Франсуаза Саган - Здравствуй, грусть
Я говорю ей:
— Почему ты непременно хочешь сама вести машину?
(Потому что перед глазами стоят картины — катастрофа, кровь — и я не в силах от них избавиться.)
Я умоляю ее не принимать больше снотворных, на которые доктор Тессон, не скупясь, выписывает нам рецепты, мне страшно: не отравили бы ее все эти пилюли и наркотики, эти коктейли, перемежающиеся удары хлыста, от которых я порой боюсь потерять рассудок. Я говорю ей: после захода солнца не гуляй одна в пустошах; когда подходишь к дороге, бери Польку на руки; не говори слов, которые накликают и призывают смерть; затворяй двери; не ищи сходства в портретах… Заклинаю тебя, будь осторожна.
Да, мне страшно и в часы тревог, и в часы передышки, и тогда, когда нас омывает прилив нежности — и когда отлив обнажает прибрежную гальку и на нее опускаются черные птицы. Но этот страх вовсе не начало мудрости. Это лишь первый шаг к иному страху, более глубокому. Наклонная плоскость, головокружение — и если я дам себе волю, если подамся в эту сторону, мною вновь завладеет отчаяние летних ночей, что чреваты были недобрыми предзнаменованиями.
Я знаю, говорят, что я снова запил. Говорят также:
— Но сейчас как будто становится полегче…
Какими еще избитыми фразами они стараются придать своей жалости достойное обличье? Выбирают тон врачебный? Или тон дружеских!?
— Пора уже ему взять себя в руки.
— А по-вашему, одиночество в подобных случаях полезно?
— Впрочем, совершенно ясно, почему жена толкнула его на этот переезд. Надо думать, в Париже иной раз бывало несладко. Помните эти вечеринки?..
— Во всяком случае, она очень разумно поступила, что отослала детей!
Самые продувные, должно быть, на свой лад меня защищают:
— Кто-кто, а я не брошу камень в человека, который подошел вплотную…
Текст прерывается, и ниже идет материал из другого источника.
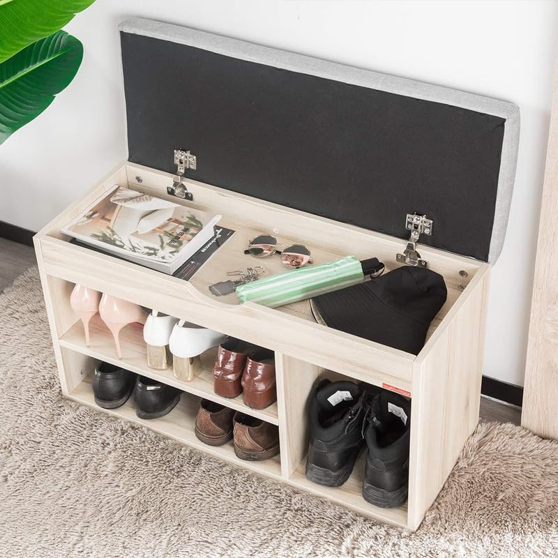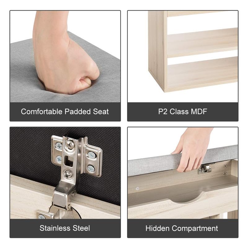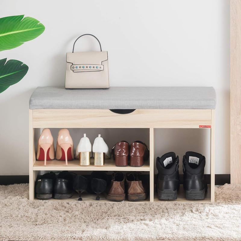 - هيكل قوي من خشب ليفي متوسط الكثافة: يوفر الإطار الخشبي المصمم هندسيًا متانة طويلة الأمد وقاعدة ثابتة للجلوس وتنظيم مجموعة أحذيتك.

К чему вплотную? Что я обошел по краю, куда заглянул, поскользнулся и едва не сорвался? Какими еще нелепыми словами вы станете мерить бездонную пропасть? Вы говорите — депрессия, говорите — сник, приуныл, пал духом — точно про иву над ручьем или про серый пасмурный день. Эти слова напоминают о дожде, о неторопливом течении рек. А значит, и о зелени, о густых травах, о плеске озера в отлогих берегах. (Может быть, потому-то как раз в таких местах и строят клиники, где вы надеетесь лечить депрессию, упадок духа?) Да по какому праву там, в кабинетах, где уже не звонят для меня телефоны, в приемных, куда я больше не прихожу продавать плоды своих трудов, вы с важным видом беретесь обо мне судить и рядить? Безмозглые ослы, да как вы смеете обсуждать мою жизнь, точно какой-то недуг… Черным- черно, непроглядная тьма, в которой бредешь ощупью, населенная чудовищами, та, что чернеет под плотно сомкнутыми веками, в недвижно застывшем сердце, — а вы упорствуете, вам кажется, так просто подбавить туда немножко света, словно молока в кофе? Вам довольно перечислить все знакомые вам оттенки серого цвета? Пепельный, серо-бурый, мышиный, жемчужный, аспидный. А я повторяю: черный, как уголь, черный, как злодейство. Наклонитесь над упадком, над провалом, ведь сердца у вас в отменном равновесии. Киньте камешек в колодец и ждите — из черных глубин моей ночи до вас донесется далекий всплеск. Если кто болен, так это вы! Не я, а вы достойны жалости, если до ваших подземных вод рукой подать. Вам надо бы пройти науку страха в его необъятных университетах, где свищет ветер. Приезжайте в Лоссан на практику. Здесь лечат здоровых. Обучают их постигать смысл слов. И цвет. Говорю вам: чернота.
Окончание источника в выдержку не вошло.